À l’approche du 3e Sommet sur la pêche artisanale à Rome, les organisations africaines du secteur appellent à une application équitable de l’Accord de l’Organisation mondiale du commerce (OMC) sur les subventions à la pêche. Une consultation menée auprès de 37 organisations dans 25 pays met en évidence l’urgence de renforcer la surveillance, les infrastructures et les moyens de subsistance des communautés côtières.

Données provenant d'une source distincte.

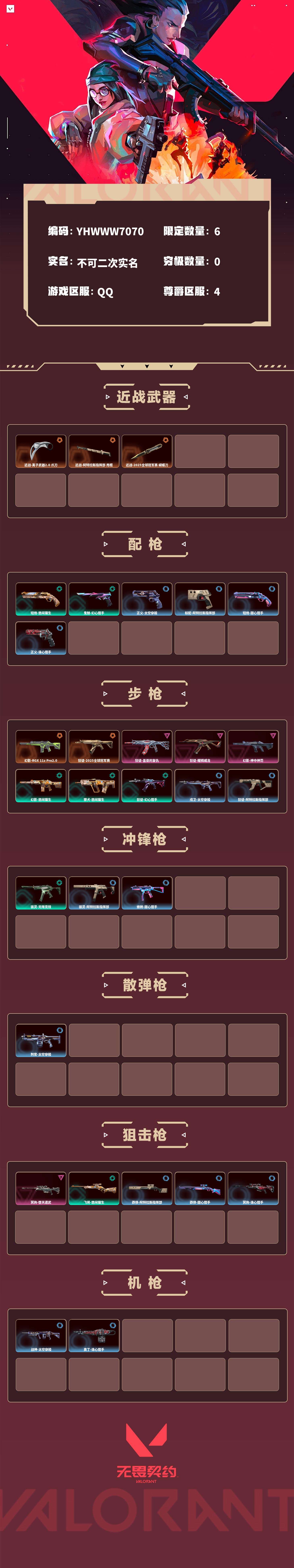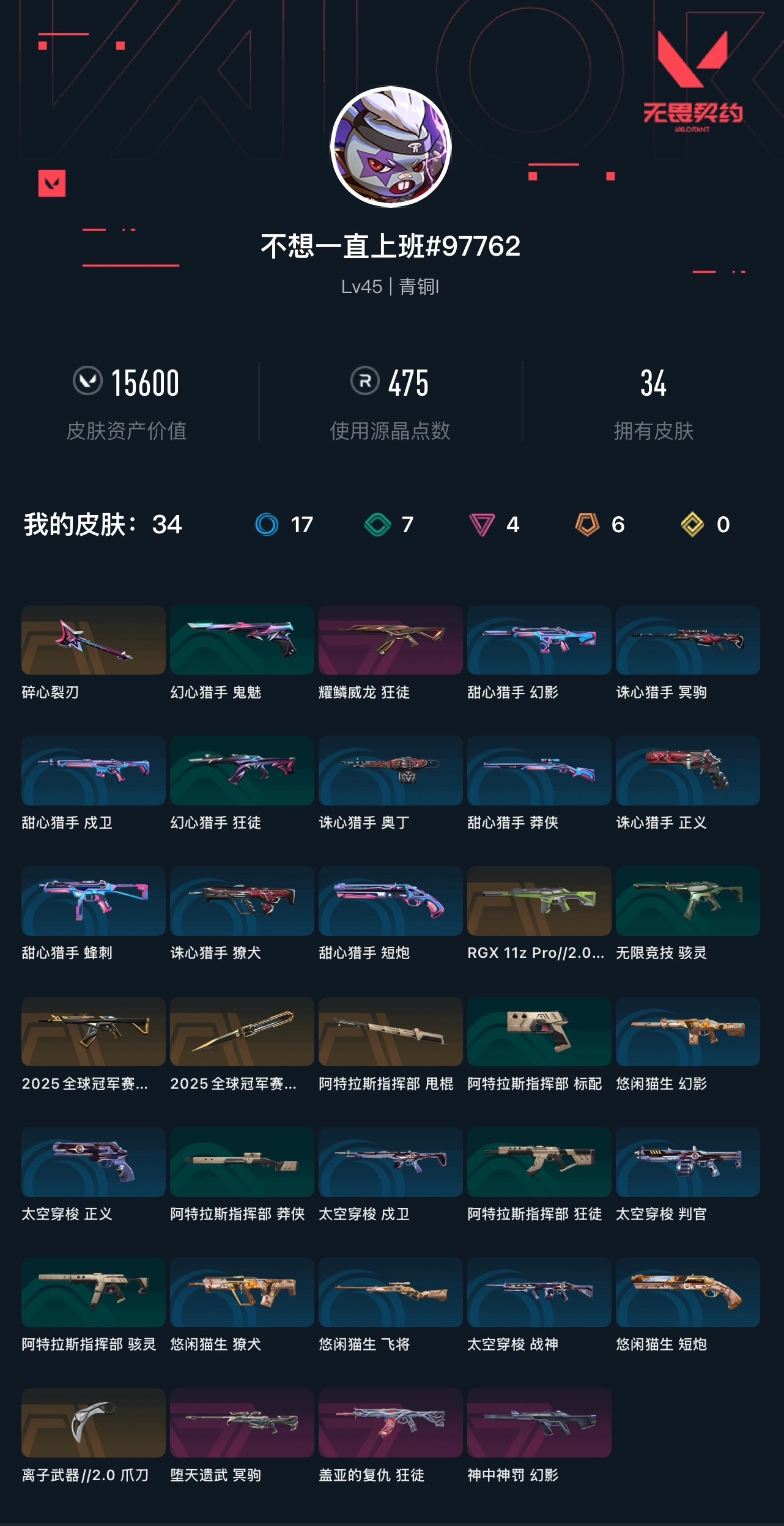 【无畏契约】【yhwww7070】等级:45,已用无畏点15600,已用源晶点475,紫皮:狂徒-盖亚的复仇|冥驹-堕天遗武|狂徒-耀鳞威龙|幻影-神中神罚__段位:青铜__绿皮:骇灵-无限竞技|短炮-悠闲猫生|飞将-悠闲猫生|幻影-悠闲猫生|獠犬-悠闲猫生|狂徒-幻心猎手|鬼魅-幻心猎手__橙皮:幻影-rgx 11z pro2.0|近战-离子武器2.0 爪刀|近战-阿特拉斯指挥部 甩棍|狂徒-2025全球冠军赛|近战-2025全球冠军赛 蝴蝶刀__蓝皮:正义-太空穿梭|战神-太空穿梭|判官-太空穿梭|戍卫-太空穿梭|骇灵-阿特拉斯指挥部|莽侠-阿特拉斯指挥部|标配-阿特拉斯指挥部|狂徒-阿特拉斯指挥部|蜂刺-甜心猎手|短炮-甜心猎手|莽侠-甜心猎手|幻影-甜心猎手|戍卫-甜心猎手|正义-诛心猎手|冥驹-诛心猎手|獠犬-诛心猎手|奥丁-诛心猎手__英雄:尚勃勒|黑梦|斯凯|暮蝶|壹决|奇乐|炼狱|贤者|猎枭|芮娜|零|捷风|不死鸟|禁灭
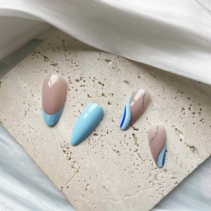 Medium Press on Nails with Design Almond Fake Nails French Stick on Nails Blue Nails for Women Manicure

Les organisations africaines de pêche artisanale veulent faire des règles de l’OMC sur les subventions à la pêche un véritable levier de protection des communautés côtières. Réunis à travers deux webinaires continentaux les 18 et 25 août 2026, puis consultés dans 25 pays, les acteurs du secteur ont identifié plusieurs priorités pour une mise en œuvre plus équitable de l’accord.
La situation apparaît particulièrement préoccupante sur le terrain. Selon la consultation, 25 des 37 organisations interrogées déclarent ne bénéficier d’aucune aide au carburant, ou seulement d’un soutien partiel et irrégulier. Or, dans de nombreuses communautés, le carburant représente près de la moitié des coûts d’une sortie de pêche.
Dans le même temps, 36 organisations sur 37 signalent des incursions de navires industriels ou étrangers dans les zones réservées à la pêche artisanale. Une seule estime la surveillance nationale efficace.Les conséquences pourraient également toucher fortement les femmes. Trente-deux organisations estiment que les travailleuses de la transformation, du commerce et des activités post-capture seraient particulièrement affectées par une diminution des débarquements.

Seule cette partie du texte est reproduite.